The LVN Care Coordinator manages and coordinates care of moderate risk Accountable Care Organization (ACO) beneficiaries, assists with the development of comprehensive care plans, identifies and closes gaps in care of individual ACO beneficiaries through facilitation of appointments, monitoring referrals, solving transportation issues, tracking investigations, and medication management. In addition, the LVN Care Coordinator participate in patient education regarding preventive and urgent care, palliative care, hospice, medication adherence, and other issues related to chronic disease management. The LVN Care Coordinator ensures delivery of quality, effective, and cost-efficient health care services to ACO beneficiaries by collaborating with primary care providers, specialists, and other members of the care coordination team.
· Identify and coordinate care of moderate risk Medicare Accountable Care beneficiaries through identification and closing of gaps in care.
· Engages with beneficiaries telephonically, at the bedside, and in the clinics.
· Evaluates beneficiaries’ understanding of their conditions and the appropriate behavioral changes necessary to improve such conditions.

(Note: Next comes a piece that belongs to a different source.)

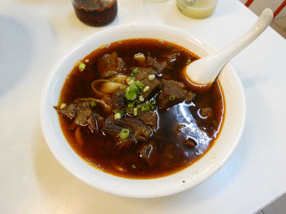 ラー油が結構効いているが、牛の旨味がしっかりしている醤油スープとの相性がよい。塩気も比較的に控えめだが、今まで食った紅焼牛肉麺のスープに比べ結構辛いほうだ。平打ち太麺は幅が結構広く、スープとの絡めや歯切れがよい。牛肉は味付けが濃い目で歯ごたえがよい。

· Assists with arranging services such as home health, medical equipment, physician appointments, specialist appointments, and transportation to clinic appointments for ACO beneficiaries.
· Assists the care coordination team in developing and implementing chronic disease care programs to improve quality of care for ACO beneficiaries.
· Identifies and addresses psychosocial, cultural, ethnic, and religious/spiritual needs of beneficiaries and their families.
· Functions as liaison between beneficiaries, physicians, hospital administration, and other healthcare providers.
Perform other duties as assigned to meet the organization’s needs.
Required: Minimum of two (2) years nursing experience,Previous Home Health, Hospice, Disease Management, or Case Management experience
Preferred: 3-5 years’ experience in case management or disease management, Certified Case Manager (CCM) or Accredited Case Manager (ACM)
Ability to engage patients over the phone.
Ability to work independently and collaboratively within an interdisciplinary team.
Strong interpersonal communication skills.
Excellent verbal and written communication skills.
Ability to Interact professionally with other healthcare service providers.
Computer literate in electronic documentation system and Microsoft Office products (e.g. Microsoft Word, Microsoft Excel).